Paper and panel proposals must be submitted to lesmotsdugenre@gmail.com by September 1, 2025. We particularly welcome proposals addressing (but not limited to) the following themes:
- The conceptual consequences of defining a term in gender theory
- Linguistic imperialism and decolonial or postcolonial approaches to gender theory
- The impact of cultural or linguistic transfer on a gender-related concept, or proposals for alternative translations
- The definition and circulation of feminist/queer terms emerging from non-Western cultures
- Approaches to or analyses of the linguistic translation of a feminist or queer work
- Disciplinary shifts in the meaning or usage of gender-related terms
- Genealogies of concepts, figures, or imaginaries of gender (non-linear temporalities)
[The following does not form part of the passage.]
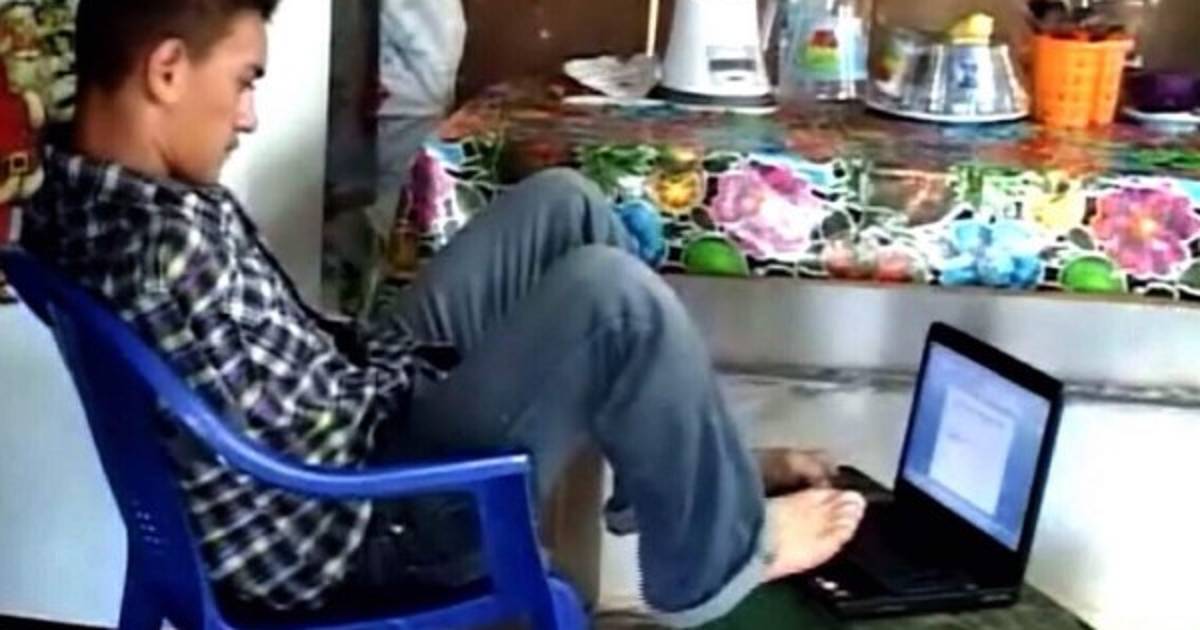Fernando Recinos nació sin brazos, lo que no ha sido un impedimento para poder estudiar y utilizar su computadora.
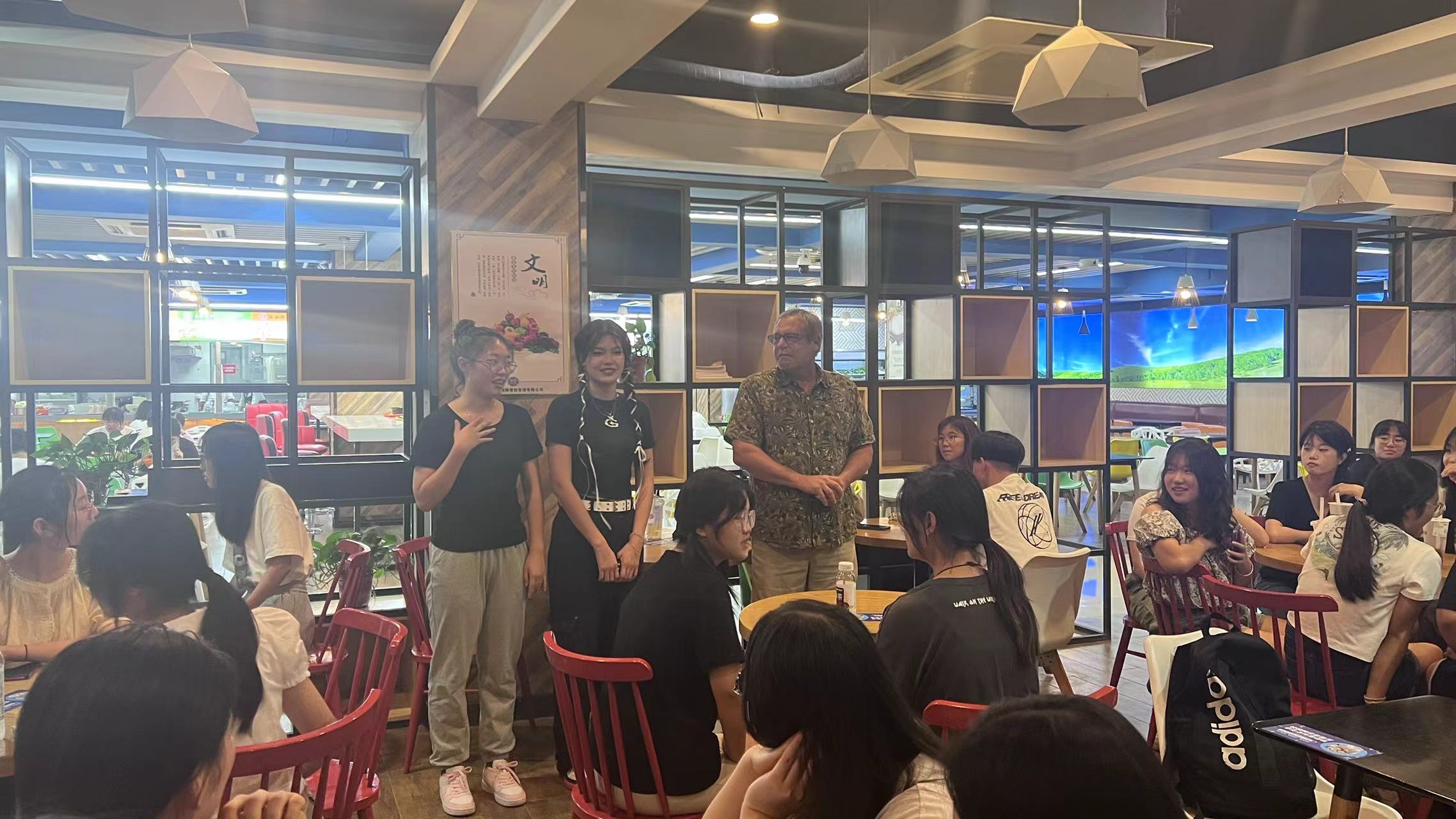 为提升学生英语口语水平,营造学院国际化氛围,2023年9月17日晚18:30-20:00学院于南山风情地下一层开展了首期英语角活动。文法系外籍教师Thomas、国际处职员石雪、赵琪与四十余名学生共同就暑期生活、最喜爱的演员等话题展开口语对话。外教Thomas鼓励学生克服羞怯心理,勇敢表达自己观点。活动现场氛围热烈,师生相约每周日不见不散。

We also encourage proposals for interdisciplinary, interlinguistic, or intercultural panels (3 or 4 participants) organized around a single term or concept. In such sessions, individual presentations need not all address the term’s circulation directly; the panel as a whole will be expected to address this dimension.
While presentations can be in either of the three languages (French, English or Spanish), discussions will happen in French.
The conference will be held at the Université du Québec à Trois-Rivières from May 21 to 23, 2026.
This event is organized in partnership with the Dictionary of Gender in Translation. A selection of papers will be considered for publication in this online volume.